Beef or Lamb & California Prune Tagine
Prune It is a healthy eating campaign designed to educate consumers to understand the role that California Prunes can play in helping to help reduce the fat and sugar content across a wide range of recipes. When blended into a puree, prunes offer a useful fat replacer in cooking by adding fat-like (but fat-free) characteristics that also work to enhance the flavours in both sweet and savoury dishes. In addition, the naturally occurring sugars present in California Prunes can also be used to provide a natural replacement for some of the processed sugars that traditionally feature in sweet recipes. And because of their high fibre content and ability to add bulk to dishes, California Prunes also have a role to play in reducing portion size without compromising on filling power or taste.

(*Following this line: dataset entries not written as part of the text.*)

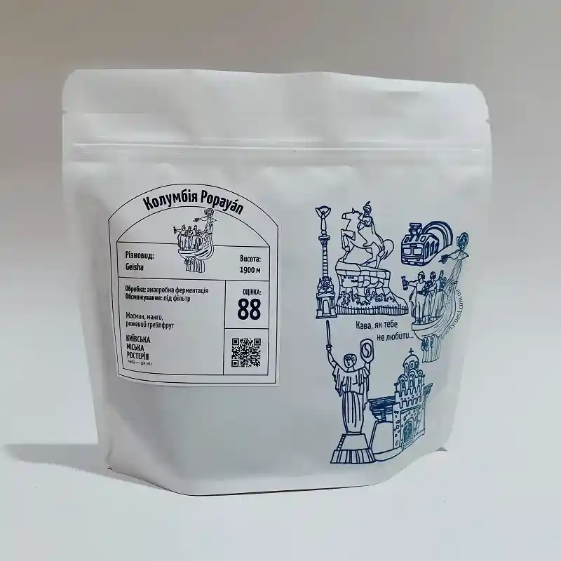 Витончена спешелті кава з регіону Popayán (Колумбія), що вирізняється яскравим ароматичним профілем і чистотою смаку. Зерно різновиду Geisha, вирощене на висоті 1900 м, формує елегантну кислотність та високу солодкість чашки. Завдяки анаеробній ферментації смак набуває глибини та багатошаровості. У напої розкриваються ноти жасмину, стиглого манго та рожевого грейпфрута, які створюють свіжий, квітково-фруктовий характер. Обсмажування під фільтр підкреслює прозорість профілю та тривалий, чистий післясмак. Оцінка 88 балів SCA підтверджує високу якість і спешелті рівень кави.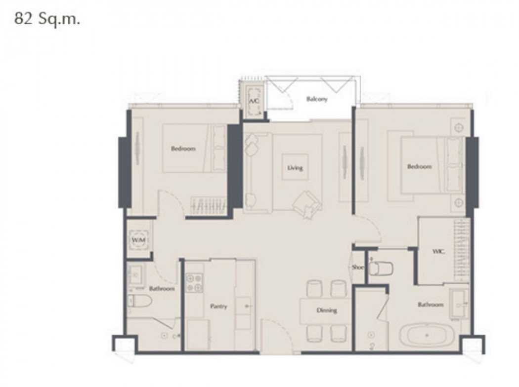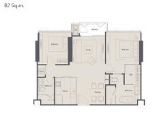 •ขนาดกว้าง 82 ตร.ม. | 2 ห้องนอน 2 ห้องน้ำ
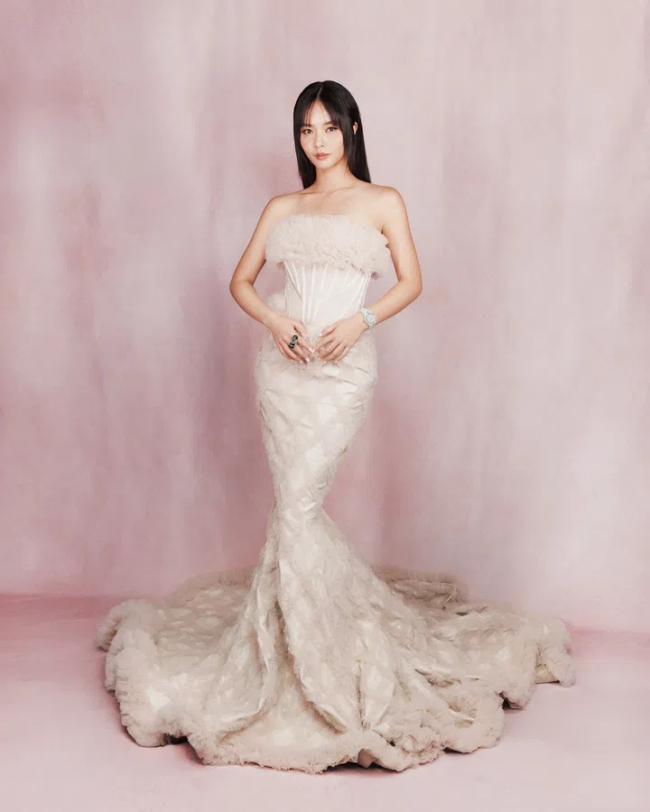 黄暄婷身着中国设计师品牌White Abyss米白色套装。立体花卉般薄纱抹胸设计,搭配膝部极致鱼尾廓形,凸显曼妙腰线。裙尾如海浪般四周舒展,尽显优美韵律美。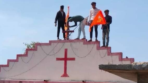 Madhya Pradesh: अयोध्या (Ayodhya) में राम मंदिर (Ram Mandir) के निर्धारित रामलला की प्राण प्रतिष्ठा (Ramlala Pran Pratishtha) समारोह से एक दिन पहले रविवार को मध्य प्रदेश (Madhya Pradesh) के झाबुआ (Jhabua) जिले में युवाओं के एक समूह ने क्रिश्चियन क्रॉस लगे एक 'चर्च' के ऊपर भगवा झंडा फहरा दिया. इसके बाद जब लोग दोबारा ईसाई प्रतीक पर झंडा लगाने के लिए इमारत पर चढ़े, तो भीड़ ने जय श्री राम के नारे लगाए. यह घटना जिले के राणापुर पुलिस थाना क्षेत्र के दबतलाई गांव में हुई.

Makes: 4Prep Time: 10 minutesCook Time: 3 hours
- 400g tender beef of lamb, cut into 2cm pieces
- 2 tsp cumin
- 1 tsp ginger
- 1 tsp cinnamon
- 1 tsp turmeric
- Pepper and pinch salt
- 1 tbsp olive oil
- 3 handfuls fresh coriander
- 160g California Prunes
- 400ml water
- 200g mixed vegetables such as onions, carrots, celery or turnips roughly chopped
- Heat oil in a pan and add meat, garlic and spices.
- Brown meat over a medium heat for one minute, add water and the vegetables, bring back up to simmer.
- Wash and chop the fresh coriander, including the stalks, reserving a handful of leaves for later.
- Add coriander leaves and stalks plus the California Prunes to the pan.
- Transfer to oven-proof covered pot or tagine and cook in slow oven for 3 hours or until the meat is tender and the liquid has reduced.
- Top up water level to ensure it doesn’t dry out.
- Serve sprinkled with the remaining chopped fresh coriander leaves.
For a vegetarian tagine, substitute the meat for 2x 400g tins of chick peas (or 1/2 tin for 1 portion), drained and add these with the other vegetables after first frying the garlic and spices. Reduce cooking time to 1 hour, or until the vegetables are tender.